*ASSIGNED TASK:*
Once the pictures are set aside, transcribe the remaining data exactly.

═══ DATASET RECORDS

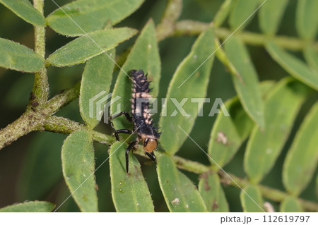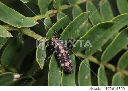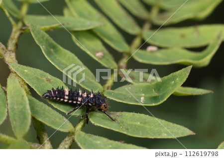 生き物 昆虫 ダンダラテントウ、幼虫です。若干細身で頭が大きく見えるのは中齢?
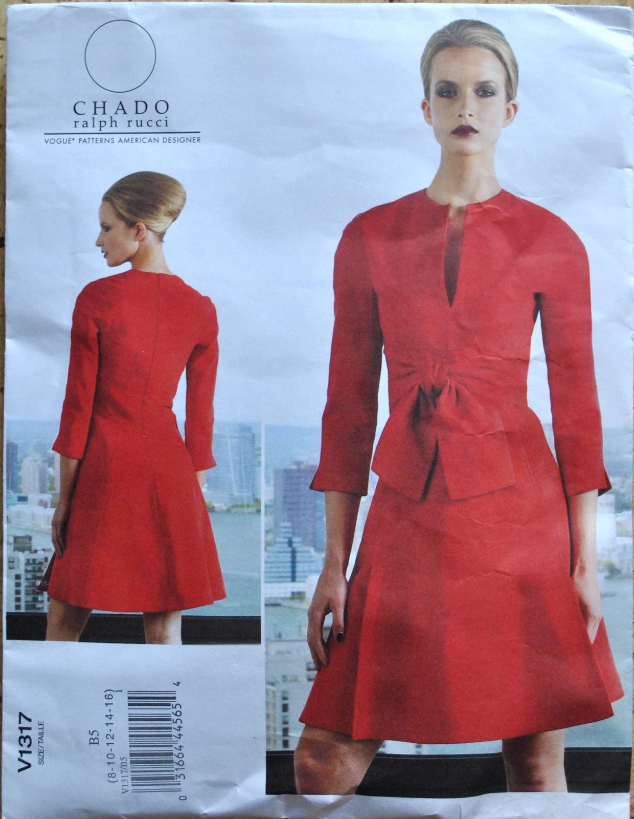 32-44. I cut a size 34 in the bodice, grading out from the waist to a size 38 at the hip level. Because of these personal sizing changes I also cut the skirt pieces to be a bit more flared going down to the hemline than the pattern to give a better look proportionally.
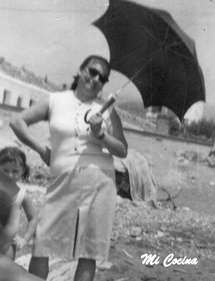 Aunque ella, estoy segurísima que estaría con su paraguas resguardándose del Sol y no metería ni un solo pie en el agua. ¡¡ A quién se le diga que nunca se bañó en el mar, que por lo tanto no sabía nadar y que bajaba al rebalaje lo mínimo y siempre con su paraguas resguardándose de ponerse morena !!
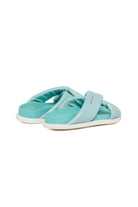 Crossed fussbett slippers with puffy design. Institutional logo in contrasting colour on top. Thermoplastic rubber sole. Made in Italy.
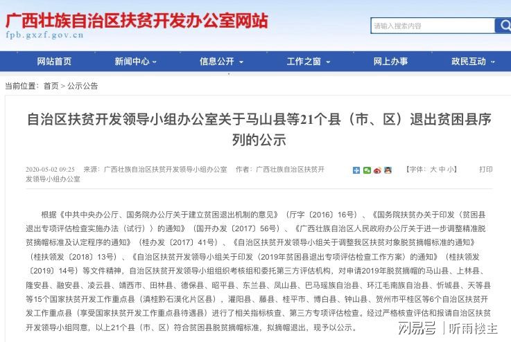 根据《中共中央办公厅、国务院办公厅关于建立贫困退出机制的意见》(厅字〔2016〕16号)、《国务院扶贫办关于印发〈贫困县退出专项评估检查实施办法(试行)〉的通知》(国开办发〔2017〕56号)、《广西壮族自治区人民政府办公厅关于进一步调整精准脱贫摘帽标准及认定程序的通知》(桂办发〔2017〕41号)、《自治区扶贫开发领导小组关于调整我区扶贫对象脱贫摘帽标准的通知》(桂扶领发〔2018〕13号)、《自治区扶贫开发领导小组关于印发〈2019年贫困县退出专项评估检查工作方案〉的通知》(桂扶领发〔2019〕14号)等文件精神,自治区扶贫开发领导小组组织考核组和委托第三方评估机构,对申请2019年脱贫摘帽的马山县、上林县、隆安县、融安县、凌云县、靖西市、田林县、德保县、昭平县、东兰县、凤山县、巴马瑶族自治县、环江毛南族自治县、忻城县、天等县等15个国家扶贫开发工作重点县(滇桂黔石漠化片区县),灌阳县、藤县、桂平市、博白县、钟山县、贺州市平桂区等6个自治区扶贫开发工作重点县(享受国家扶贫开发工作重点县待遇县)进行了相关指标核查、第三方专项评估检查。经过严格核查评估和报请自治区扶贫开发领导小组同意,以上21个县(市、区)符合贫困县脱贫摘帽标准,拟摘帽退出,现予以公示。
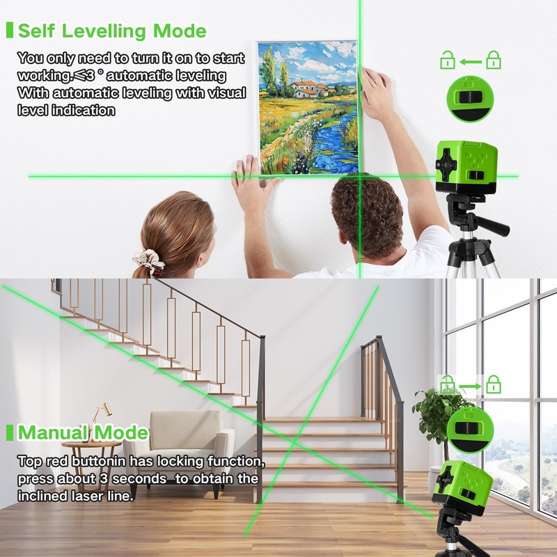 - Cross line laser with tripod: The cross line laser uses advanced sensor technology to provide you with accurate and reliable measurement results. Whether it is a horizontal or vertical line, the 110° range can meet your measurement requirements at different angles. Laser wavelength: 515, accuracy of ±0.2 mm/m. safe to use. Green lasers are more visible than red lasers.
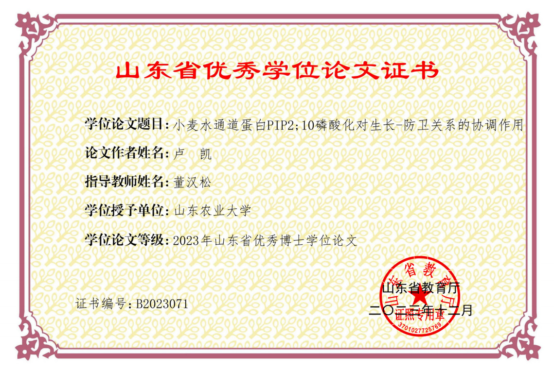 小麦水通道蛋白PIP2;10磷酸化对生长-防卫关系的协调作用,2023年山东省优秀博士学位论文,卢凯,2023年12月
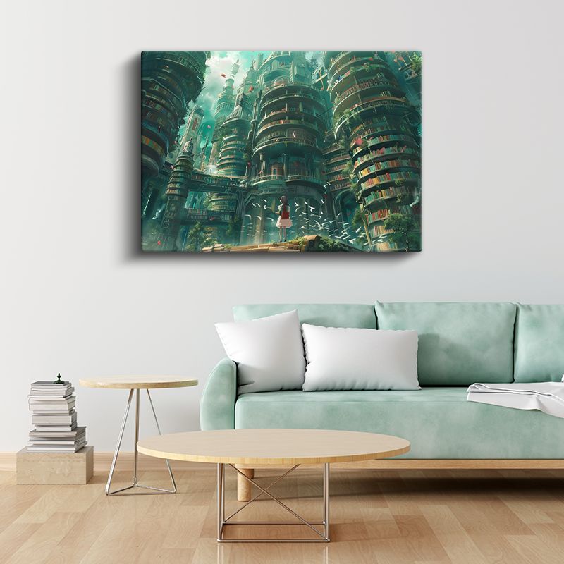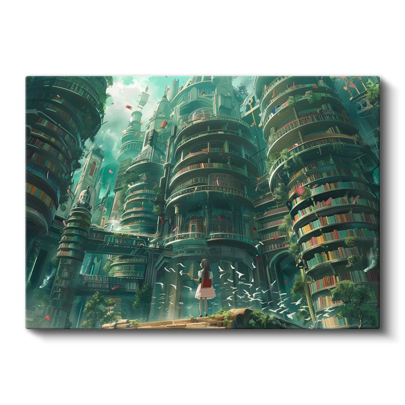 Kitap Kuleleri - Yeşil Şehir Anime Kanvas Tablo
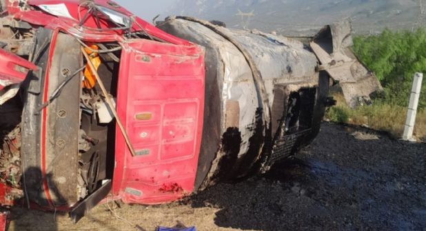 Durante la tarde de este viernes, una pipa se volcó en la Carretera a Saltillo, dejando a un hombre sin vida en Santa Catarina.

══════

*RESULT OF THE TASK:*
 生き物 昆虫 ダンダラテントウ、幼虫です。若干細身で頭が大きく見えるのは中齢?
 32-44. I cut a size 34 in the bodice, grading out from the waist to a size 38 at the hip level. Because of these personal sizing changes I also cut the skirt pieces to be a bit more flared going down to the hemline than the pattern to give a better look proportionally.
 Aunque ella, estoy segurísima que estaría con su paraguas resguardándose del Sol y no metería ni un solo pie en el agua. ¡¡ A quién se le diga que nunca se bañó en el mar, que por lo tanto no sabía nadar y que bajaba al rebalaje lo mínimo y siempre con su paraguas resguardándose de ponerse morena !!
 Crossed fussbett slippers with puffy design. Institutional logo in contrasting colour on top. Thermoplastic rubber sole. Made in Italy.
 根据《中共中央办公厅、国务院办公厅关于建立贫困退出机制的意见》(厅字〔2016〕16号)、《国务院扶贫办关于印发〈贫困县退出专项评估检查实施办法(试行)〉的通知》(国开办发〔2017〕56号)、《广西壮族自治区人民政府办公厅关于进一步调整精准脱贫摘帽标准及认定程序的通知》(桂办发〔2017〕41号)、《自治区扶贫开发领导小组关于调整我区扶贫对象脱贫摘帽标准的通知》(桂扶领发〔2018〕13号)、《自治区扶贫开发领导小组关于印发〈2019年贫困县退出专项评估检查工作方案〉的通知》(桂扶领发〔2019〕14号)等文件精神,自治区扶贫开发领导小组组织考核组和委托第三方评估机构,对申请2019年脱贫摘帽的马山县、上林县、隆安县、融安县、凌云县、靖西市、田林县、德保县、昭平县、东兰县、凤山县、巴马瑶族自治县、环江毛南族自治县、忻城县、天等县等15个国家扶贫开发工作重点县(滇桂黔石漠化片区县),灌阳县、藤县、桂平市、博白县、钟山县、贺州市平桂区等6个自治区扶贫开发工作重点县(享受国家扶贫开发工作重点县待遇县)进行了相关指标核查、第三方专项评估检查。经过严格核查评估和报请自治区扶贫开发领导小组同意,以上21个县(市、区)符合贫困县脱贫摘帽标准,拟摘帽退出,现予以公示。
 - Cross line laser with tripod: The cross line laser uses advanced sensor technology to provide you with accurate and reliable measurement results. Whether it is a horizontal or vertical line, the 110° range can meet your measurement requirements at different angles. Laser wavelength: 515, accuracy of ±0.2 mm/m. safe to use. Green lasers are more visible than red lasers.
 小麦水通道蛋白PIP2;10磷酸化对生长-防卫关系的协调作用,2023年山东省优秀博士学位论文,卢凯,2023年12月
 Kitap Kuleleri - Yeşil Şehir Anime Kanvas Tablo
 Durante la tarde de este viernes, una pipa se volcó en la Carretera a Saltillo, dejando a un hombre sin vida en Santa Catarina.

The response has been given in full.